Monday, September 28, 2009

Grilled Chicken with Chipotle BBQ Sauce

I love the smoky, spicy taste of chipotle; it's one of my favorite ingredients! I take a can of chipotle in adobo sauce (which you can find in the Mexican food aisle), puree it in my food processor and keep it in my refrigerator for use. Here's a really yummy barbecue sauce that I found in an ad and substituted hot sauce with chipotle.

Grilled Chicken with Chipotle BBQ Sauce

2 c tomato sauce
1/4 c cider vinegar
1/2 c dark brown sugar
1/4 c honey
1/3 c dark beer
2 tbsp Worcestershire sauce
2 tbsp dried yellow mustard
2 tbsp pureed chipotle

1 lb chicken, cut up
Sea salt

In medium saucepan, combine sauce ingredients and cook over medium heat, stirring constantly for 15 minutes. Take off heat and set aside.

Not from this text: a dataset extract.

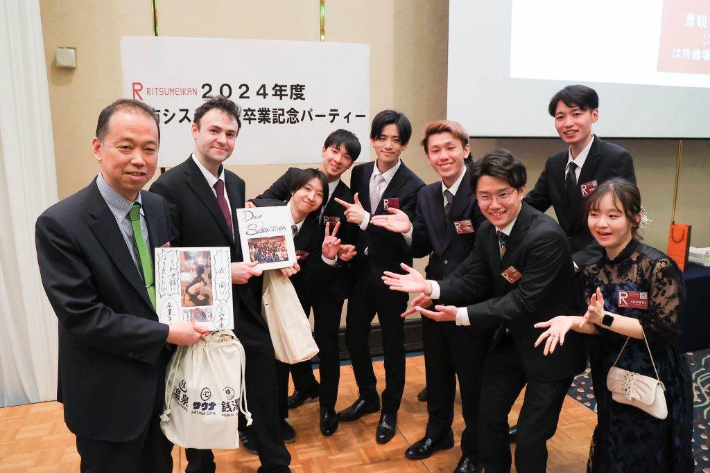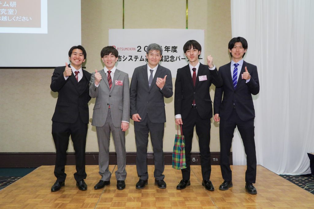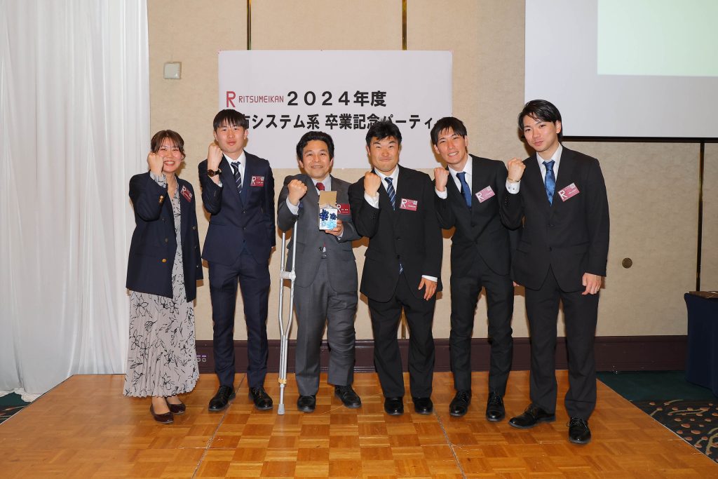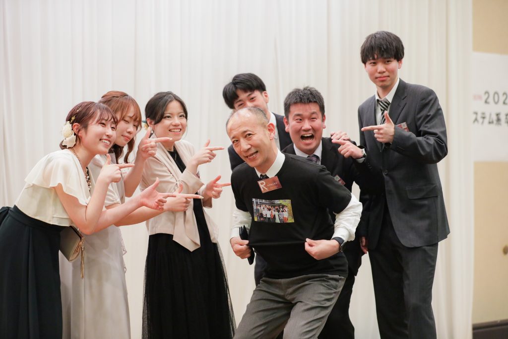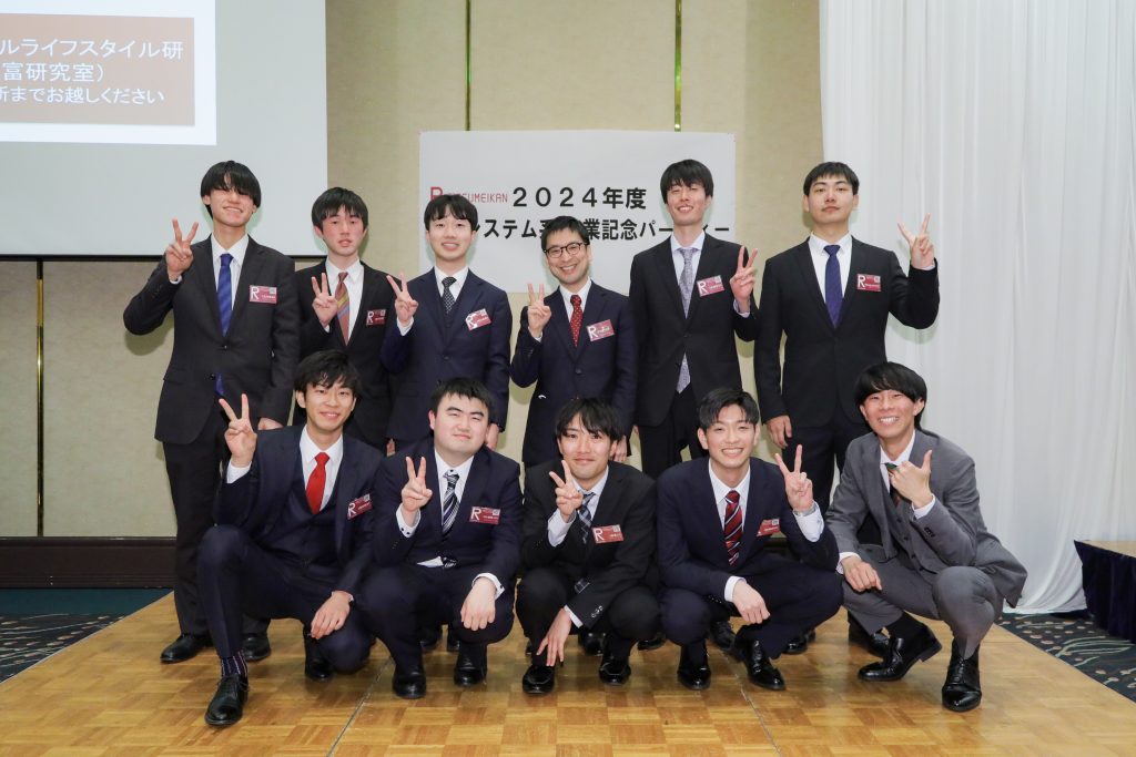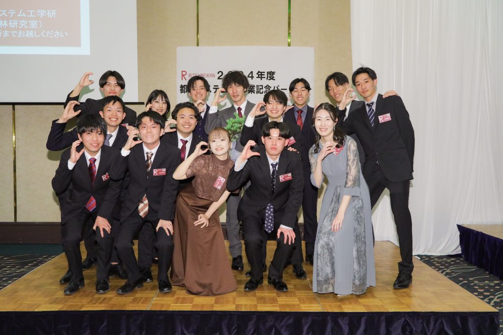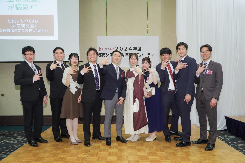 卒業式、学位記授与式の終了後、卒業パーティの場で研究室ごとの記念集合写真を撮影しました!

Rinse chicken; sprinkle with salt. Cook chicken on grill, turning and brushing with BBQ sauce for approximately 30 minutes.

Chicken Carbonnade

I originally found this Belgian stew recipe in Bon Appetit - the flavor was good, but it was too greasy. So, I modified the recipe and my family loved it even more!

Chicken Carbonnade

4 large chicken thighs, skin removed
Flour
Salt
Pepper
1 teaspoon ground allspice
1 pound onions, thinly sliced
3 teaspoons (packed) dark brown sugar, divided
4 small bay leaves
2 teaspoons Dijon mustard
1 cup dark beer
1/2 cup beef broth
1 to 2 teaspoons red wine vinegar

Coat large nonstick skillet with Pam and heat over medium-high heat. Sprinkle chicken with flour, salt, pepper, and allspice. Add chicken to skillet and sauté until brown, about 4 minutes per side; transfer to plate.
Spray pan with Pam again. Add onions and 2 teaspoons brown sugar to skillet; sprinkle with salt and pepper. Cover and sauté until deep golden brown, stirring occasionally, about 10 minutes. Mix in bay leaves, mustard, and remaining 1 teaspoon sugar. Add chicken, skin side down, then beer, broth, and 1 teaspoon vinegar. Bring to boil. Reduce heat to medium. Simmer, covered, 10 minutes. Uncover skillet and simmer until chicken is cooked through and sauce thickens, turning chicken occasionally, about 20 minutes. Season with salt and pepper and more vinegar, if desired. Serve over something starchy like egg noodles, rice, mashed or roasted potatoes.

Tequila-Lime Chicken

This is a very zesty and yummy chicken recipe! Be creative with it - great for tacos or taco salad and fajitas!

Tequila-Lime Chicken

Marinade
3 tbsp Honey
1/4 c tequila
1/4 c chicken broth
1/2 c lime juice
1/2 c fresh cilantro, finely chopped
1 1/2 tsp ground coriander
Zest of 4 limes
4 serrano chilis, seeded & minced

2 1/2 lbs chicken

Put all marinade ingredients in a Ziploc bag & mix thoroughly. Add chicken and marinade for 24 hours. Grill on indirect heat (M-O-M) for approximately 5-10 minutes each side; serve immediately.

Lemon Garlic Chicken

This marinade recipe comes courtesy of my Uncle Russ. I like to make this chicken in bulk and then use it for sandwiches, salads, etc.

Lemon Garlic Chicken

Marinade:
1/4 c olive oil
Juice from one lemon
Zest from one lemon
2 cloves garlic, chopped
1/4 c fresh parsley, finely chopped
pinch of sea salt and black pepper

1 lb boneless chicken breasts, thin cut or pounded to approx 1/2" thick

Put all marinade ingredients in a Ziploc bag & mix thoroughly. Add chicken into bag and marinate for approximately an hour, turning bag over every 15 minutes. Heat grill; cook chicken on indirect heat(M-O-M)for approximately 5 minutes on each side.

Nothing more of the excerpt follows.